Action item: Pictures are to be left out; every line from the one that holds "Bombay Paisley Blue" to the end of the data is to be retyped exactly.

Available data:
....................

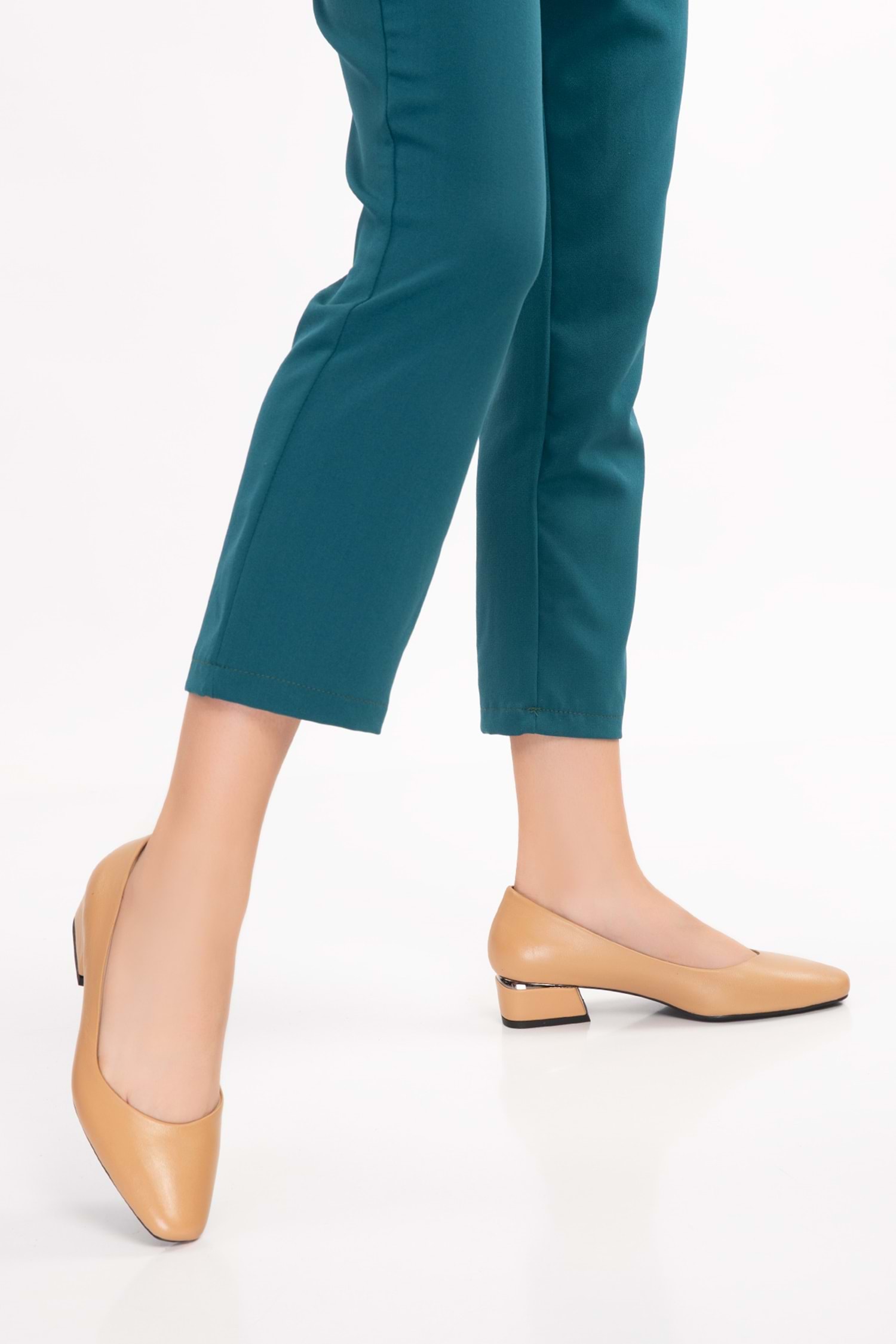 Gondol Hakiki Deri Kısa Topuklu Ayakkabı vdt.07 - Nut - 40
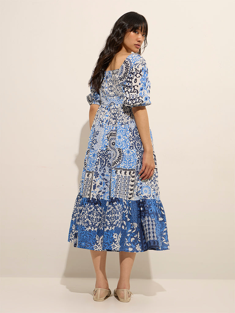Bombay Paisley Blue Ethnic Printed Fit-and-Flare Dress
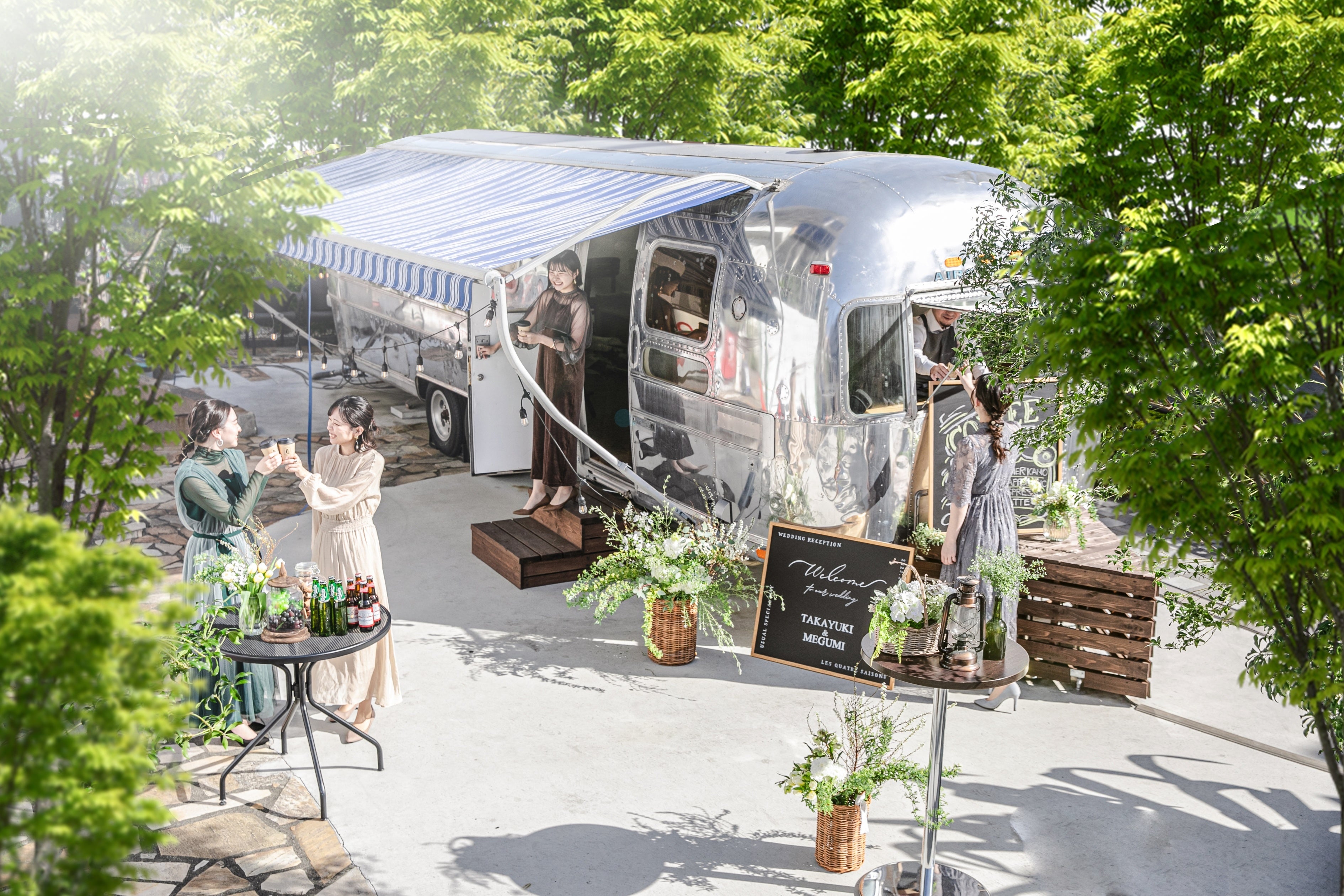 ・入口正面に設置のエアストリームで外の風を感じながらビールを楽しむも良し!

....................

Task output:
Bombay Paisley Blue Ethnic Printed Fit-and-Flare Dress
 ・入口正面に設置のエアストリームで外の風を感じながらビールを楽しむも良し!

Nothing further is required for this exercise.